Adding that it is so disturbing to find girls using shreds of old cloths, toilet paper, and paper ripped from their exercise books instead of sanitary products. This is because such products can cause infection. Risks can be greater if the woman or girl has undergone Female Genital Mutilation(FGM) a practice that is rampant in that county.

He revealed that though currently, the county hasn’t recorded a surge in reproductive health-related problems there is a high possibility for such in the future because individuals who menstruate and lack menstrual education or sanitary products are unable to properly and hygienically manage their menstrual cycles.

“The dangers of period poverty are much more threatening than it appears at first glance. This situation can pose very serious health concerns to those who menstruate, potentially creating another health crisis on top of COVID-19,” says Abuya.

According to Scholastica Lutomia, Quality Assurance Officer, Department of Education West Pokot County, period poverty was already a major issue countrywide even before COVID-19. However, the government's intervention of introducing free sanitary towels to all girls in public school had changed this for the better but COVID-19 eroded the gains the country had made in the past years.

“We used to give children enough sanitary towels to not only ensure that they remain in school but also to help them manage their menstrual cycle.

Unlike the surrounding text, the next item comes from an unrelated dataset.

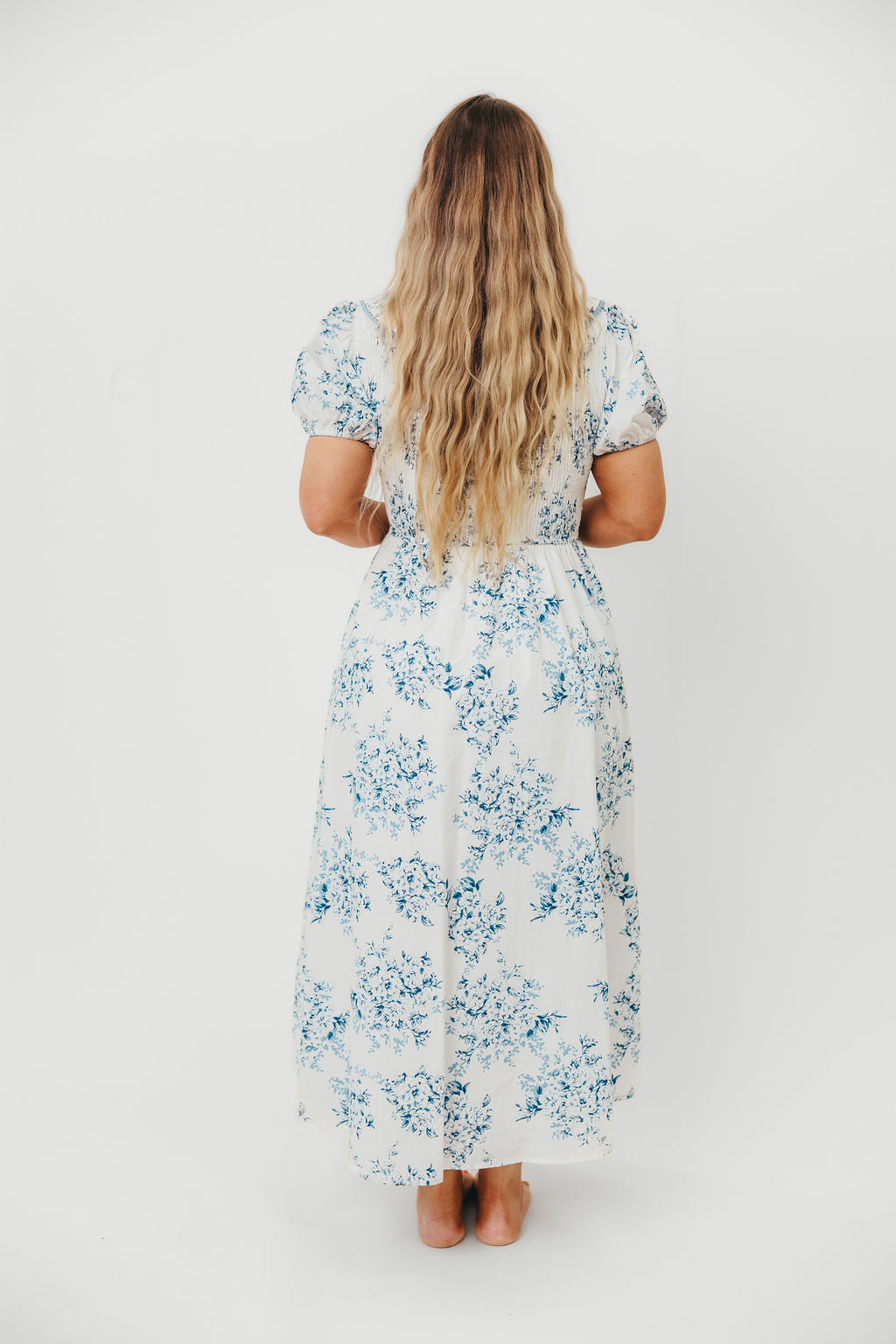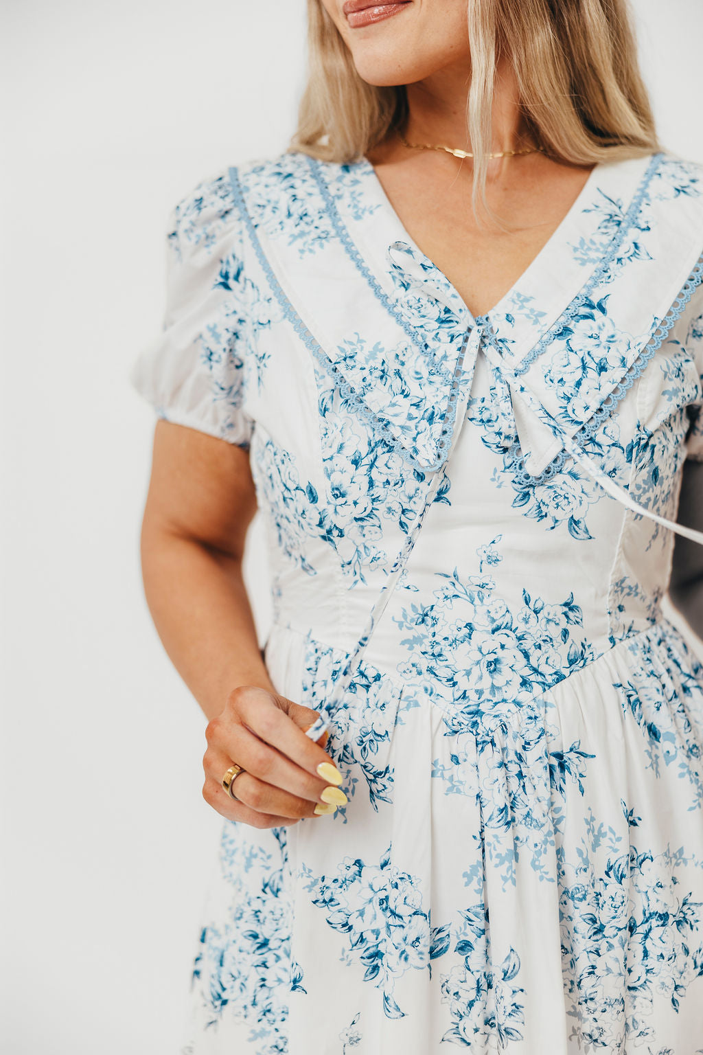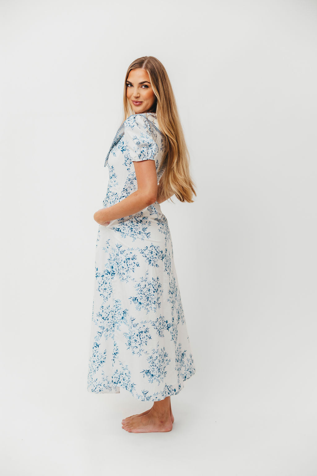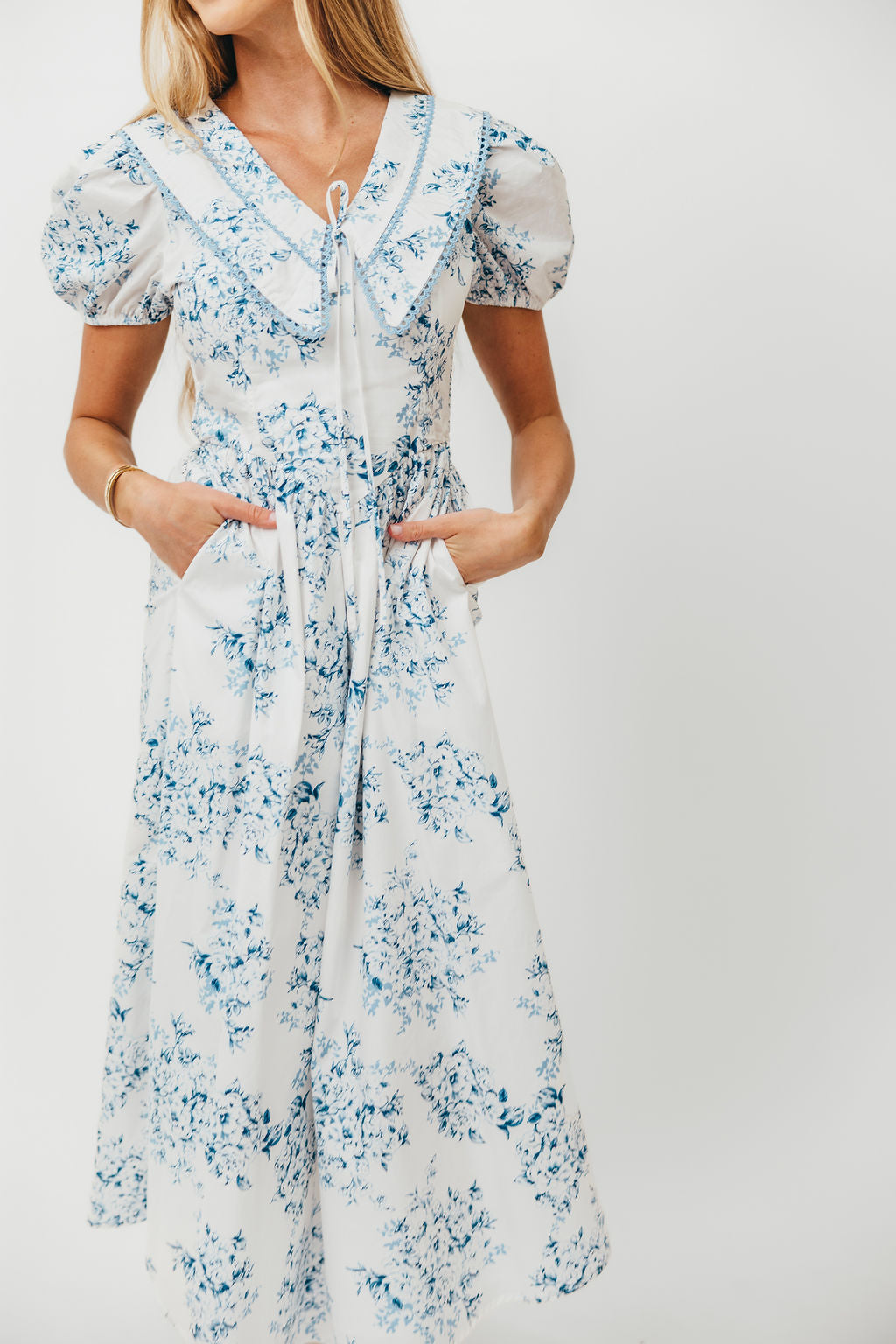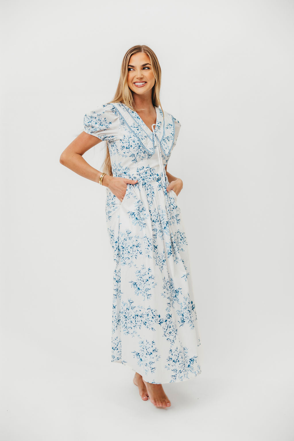 Aisha Floral Sailor Collar Maxi Dress in Blue

This was good progress but when COVID-19 struck things changed and menstrual hygiene was forgotten something which might have a major impact on our girls,” says Lutomia.

According to her, now that students are back to school, teachers should start distributing the available towels now as they wait for more from the government to ensure no girl misses school because of menses.

“Some schools still have several boxes of sanitary products which need to be distributed to students I urge you all to start distributing these products immediately to ensure that no more time is lost by our girls,” adds Lutomia.    

In Kenya, about 3.7 million girls in public schools were relying on free sanitary pads provided by the government. In total 14, 813, 810 packets of sanitary towels used to be distributed every term. Though some Non-governmental organizations stepped in to offer free sanitary towels to girls especially from vulnerable backgrounds, girls from the marginalized areas didn’t receive any help and they were left with no other option other than to result to the traditional methods which are unsafe and unhygienic.

“Covid-19 not only affected the distribution model it also had a major impact on awareness creation about menstrual health. Last year it was more difficult for people to receive information and resources they need to manage their periods, putting their health and well-being at risk but this is set to change now that schools have reopened,” adds Lutomia.